One of the most important applications of the derivative concept is to “optimization” problems, in which some quantity must be maximized or minimized. Examples of such problems abound in many areas of life. An airline must decide how many daily flights to schedule between two cities to maximize its profits. A doctor wants to find the minimum amount of a drug that will produce the desired response in one of her patients. A manufacturer needs to determine how often to replace certain equipment to minimize maintenance and replacement costs.
Our purpose in this section is to illustrate how calculus can be used to solve optimization problems. In each example, we will find or construct a function that provides a mathematical model for the problem. Then, by sketching the graph of this function, we will be able to determine the answer to the original optimization problem
by locating the highest or lowest point on the graph. The y-coordinate of this point will be the maximum value or minimum value of the function.
The example is very simple because the functions to be studied are given explicitly.
Maximizing an Area You want to plant a rectangular garden along one side of a house, with a picket fence on the other three sides of the garden. Find the dimensions of the largest garden that can be enclosed using 40 feet of fencing.
Solution:
Let us think about this problem before embarking on the solution. With 40 feet of fencing, you can enclose a rectangular garden along with your house in many different ways. Here are three illustrations: In Fig. 3(a), the enclosed area is 10 × 15 = 150 square feet; in Fig. 3(b), it is 16 × 12 = 192 square feet; and in Fig. 3(c), it is 32 × 4 = 128 square feet. Clearly, the enclosed area varies with your choice of dimensions. Which dimensions that total 40 feet yield the largest area? We next show how we can use calculus and optimization techniques to solve this problem.

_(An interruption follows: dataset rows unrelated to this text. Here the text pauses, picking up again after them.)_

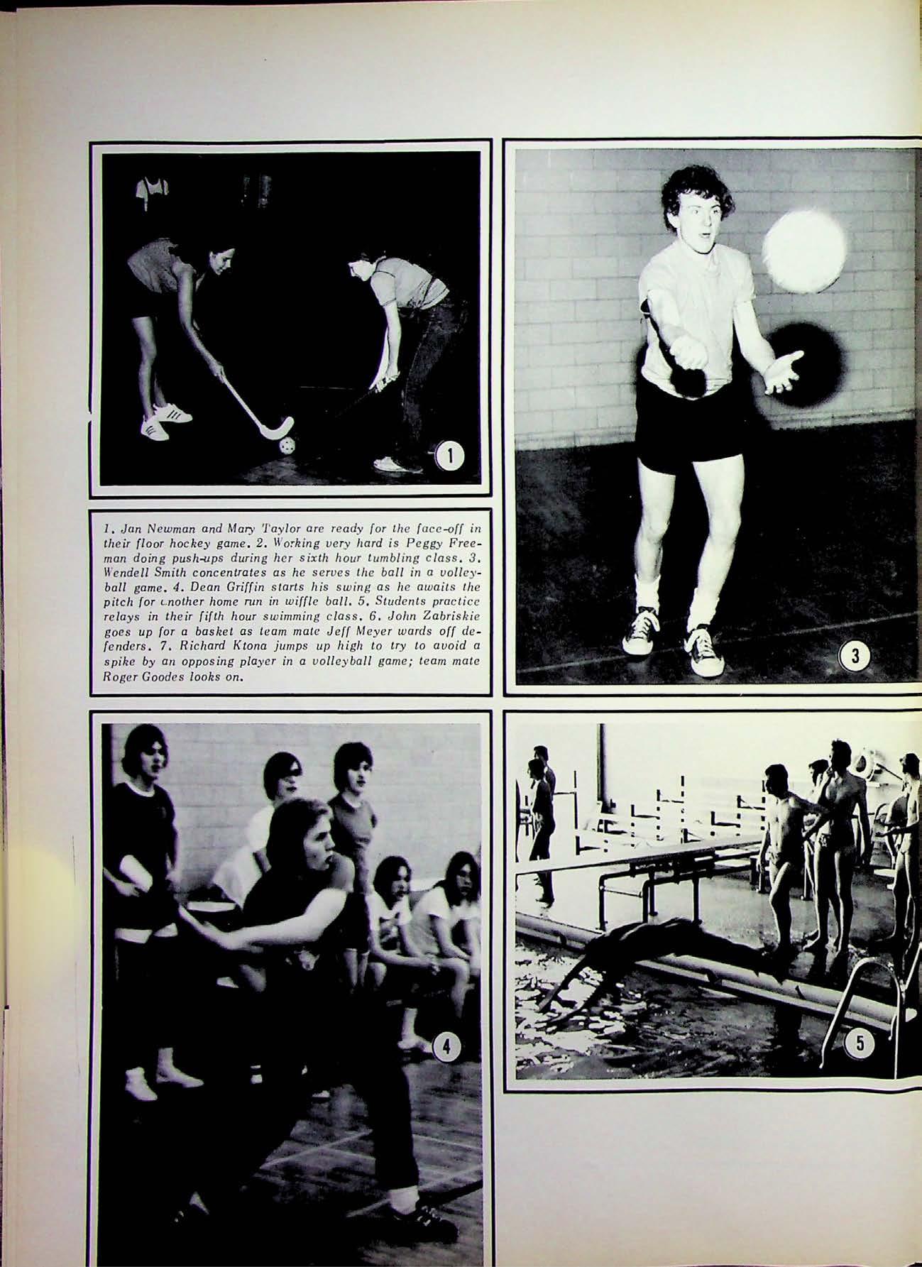 I. Starting pitcher Jim Kazanski hurls anotherstrike. 2. Senior Tom I/ague prepares to tag a runner out. 3. Playing first base againstKimball, Bruce,\lcElhinneysticks roitharunner. 4.Going (or the big hit, Greg Probst swings a mighty bat. 5. Joe George,swings (or a hit.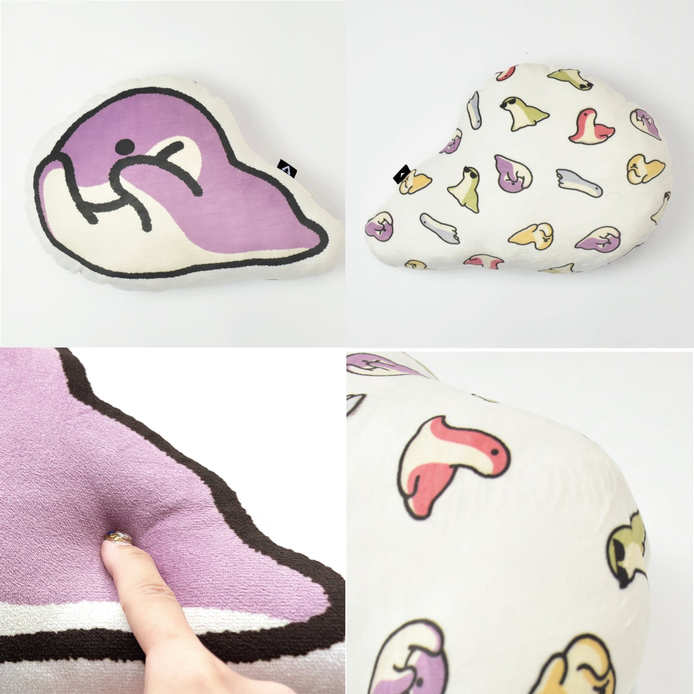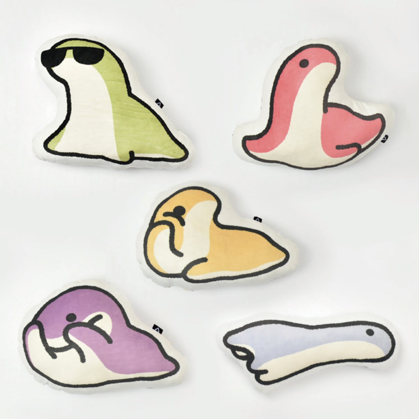 ■5色展開のネッシークッション。肌触りの良いもちもちの感が魅力の人気商品です。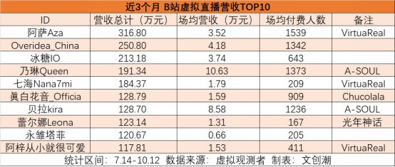 據文創潮統計近三個月的虛擬直播營收情況,注意到,隸屬VirtuaReal的阿薩累積營收超361萬元,排名第一。其中阿薩在8月13日舉行的生日前3D-LIVE直播,營收超80萬,相較于去年同期舉辦的生日會,營收翻了一倍多。場均營收方面較高的A-SOUL,成員乃琳和貝拉近3個月直播場次分別為18場和15場。營收TOP10當中,永雛塔菲的場均最低,與她高頻次直播相關,近90天她直播了184場。

Since we do not know the dimensions, the first step is to make a simple diagram that represents the general case and assign letters to the quantities that may vary. Let us denote the dimensions of the rectangular garden by w and x (Fig. 4). The phrase “largest garden” indicates that we must maximize the area, A, of the garden. In terms of the variables w and x,
A = wx.
The fencing on three sides must total 40 running feet; that is, 2x + w = 40. (2) We now solve equation (2) for w in terms of x:
w = 40 − 2x. (3) Substituting this expression for w into equation (1), we have A = (40 − 2x)x = 40x − 2x^2 .
We now have a formula for the area A that depends on just one variable. From the statement of the problem, the value of 2x can be at most 40, so the domain of the function consists of x in the interval (0, 20). Thus, the function that we wish to maximize is
A(x) = 40x − 2x^2 0 ≤ x ≤ 20.
Its graph is a parabola looking downward (Fig. 5). To find the maximum point, we compute
A'(x) = 0
40 − 4x = 0
x = 10.
Since this value is in the domain of our function, we conclude that absolute maximum of A(x) occurs at x = 10. Alternatively, since A(x) = −4 < 0, the concavity of the curve is always downward, and so the local maximum at x = 10 must be an absolute maximum. The maximum area is A(10) = 200 square feet, but this fact is not needed for the problem.] From equation (3) we find that, when x = 10, w = 40 − 2(10) = 20.
In conclusion, the rectangular garden with the largest area that can be enclosed using 40 feet of fencing has dimensions x = 10 feet and w = 20 feet.